Call 610-447-2050. We provide weekly updates on dates, times and locations of flu and pneumonia vaccines being given in the community.

Flu Symptoms, Treatment and Prevention

To learn more about the symptoms, treatment and prevention of the flu, click the text in the shaded areas below, or view the video.

Flu Symptoms

Flu symptoms are similar to the common cold, but are more intense; they include:

  1. Fever, or feeling feverish
  2. Cough - usually non productive
  3. Sore throat
  4. Body aches
  5. Runny or stuffy nose
  6. Fatigue

When to Seek Medical Treatment

If you are concerned that you may have the flu, you can contact your doctor to discuss potential treatment options. Your doctor is always available to answer your questions or to see you in the office if needed. Those listed below are at increased risk from influenza or its complications and should contact their doctor if they believe they have the flu:

  1. If you have chronic medical conditions such as Diabetes, Asthma, Emphysema (COPD), Coronary Artery Disease, End Stage Kidney Disease, or are receiving treatment for cancer or are on immunosuppressive medications.
  2. If you are in the above groups and you have had significant exposure to someone you know has the flu.
  3. If you are age 65 or older.
  4. If your child is younger than five.
  5. If you are pregnant.
  6. If you are obese.

The following symptoms should prompt you to call your doctor:

  1. If your symptoms improve and then get worse.
  2. If your cough lingers and becomes productive.
  3. If you experience shortness of breath.
  4. If you experience dizziness or light headedness.

The Philadelphia Department of Public Health also offers useful information on when to seek medical help. (Download PDF)

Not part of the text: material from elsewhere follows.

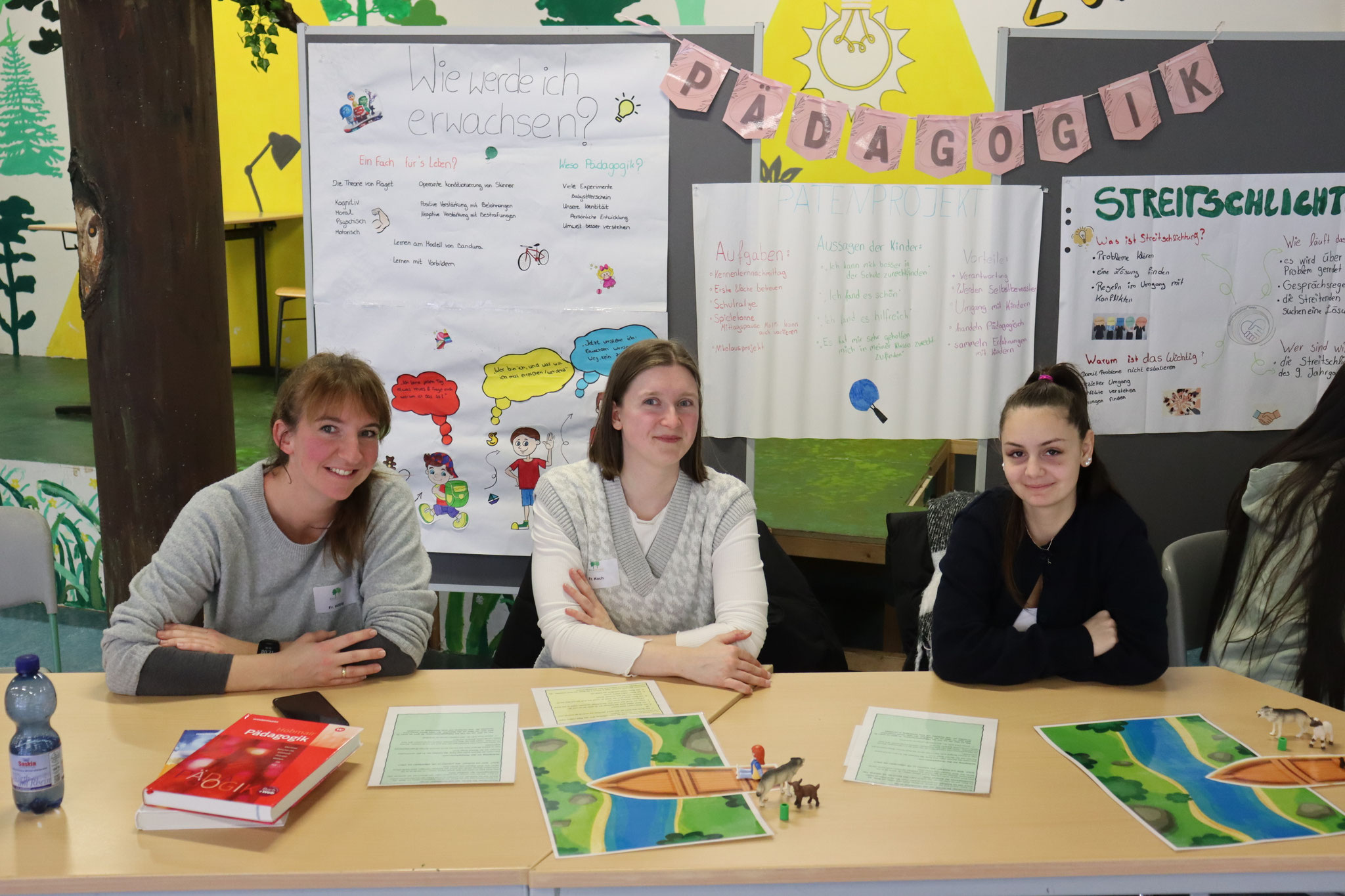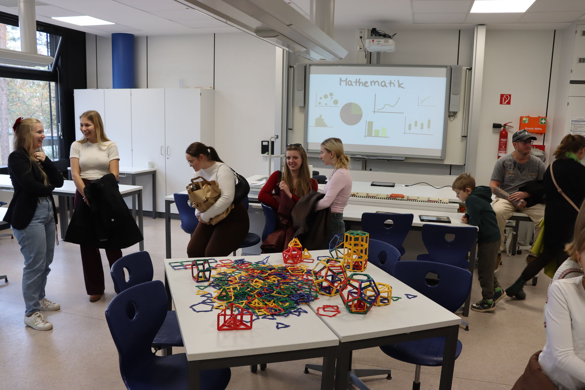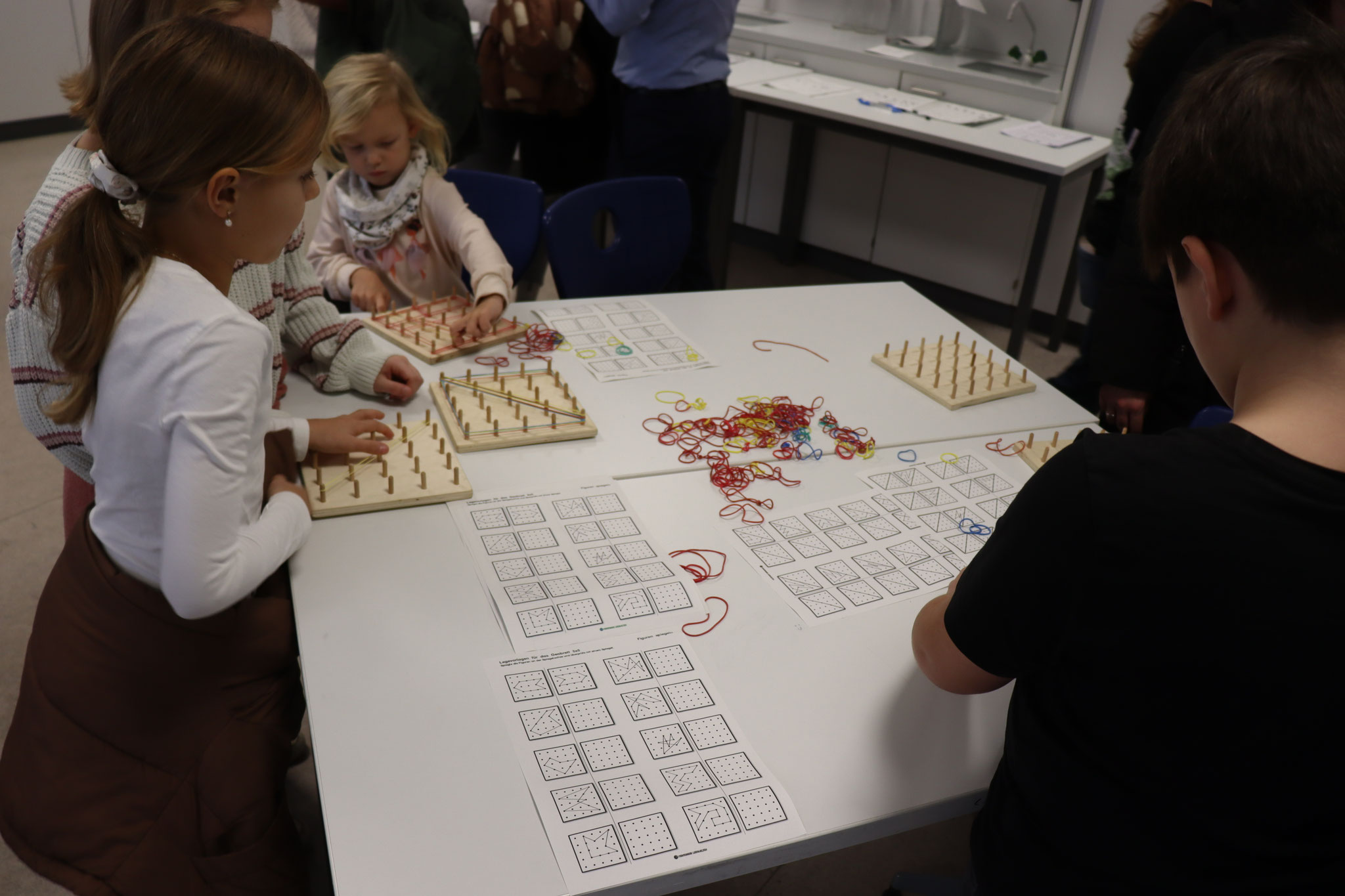 An zahlreichen Ständen gaben Kolleginnen und Kollegen Auskunft über die Inhalte, Anforderungen und Lehrwerke ihrer Fächer und versuchten diese durch Anschauungsmaterial und kleine Aufgaben den Kindern zugänglich zu machen. Geduldig beantworteten sie als Expertinnen und Experten die Fragen der Kinder und Eltern rund um das Fach.

Medical Treatment: From Physicians and at Home

Your doctor may choose to treat you with an antiviral medication. The antiviral medication may reduce the duration of the flu and decrease the incidence of potential complications. The medication is most effective when given within two days of developing the flu. As the flu is usually self-limited (will resolve without medication in 5-7 days), not everyone chooses to use the medication.

Home Treatment of the Flu

Stay home if you have the flu until your symptoms have mostly resolved. Avoid spreading the virus to others.
  1. Create a “sick room” in your house to limit the spread of the virus to others in your family.
  2. Rest and drink lots of fluids.
  3. Hot tea and soup can ease your sore throat.
  4. For fever, sponge your body with lukewarm water - not cold water or ice.
  5. To help with a stuffy nose, breathing in warm mist from a shower or sink filled with hot water is helpful.
  6. Use cough drops or lozenges to help with cough and sore throat.
  7. Avoid exposure to cigarette smoke.
  8. If you are on prescription medicines or have a chronic medical condition, please consult your doctor prior to using the over the counter preparations below. Try to target the symptoms that are bothering you rather than using a multi-symptom over the counter preparation, as they often contain antihistamines and alcohol, which are not helpful for the flu.
  9. Ibuprofen or Acetaminophen can be used for fever and body aches. Do not use aspirin for anyone under age 20.
  10. Decongestants or nasal sprays can be used as directed for nasal congestion.
  11. For thick secretions, guaifenesin can be helpful.
  12. For a dry cough, dextromethorphan can be helpful.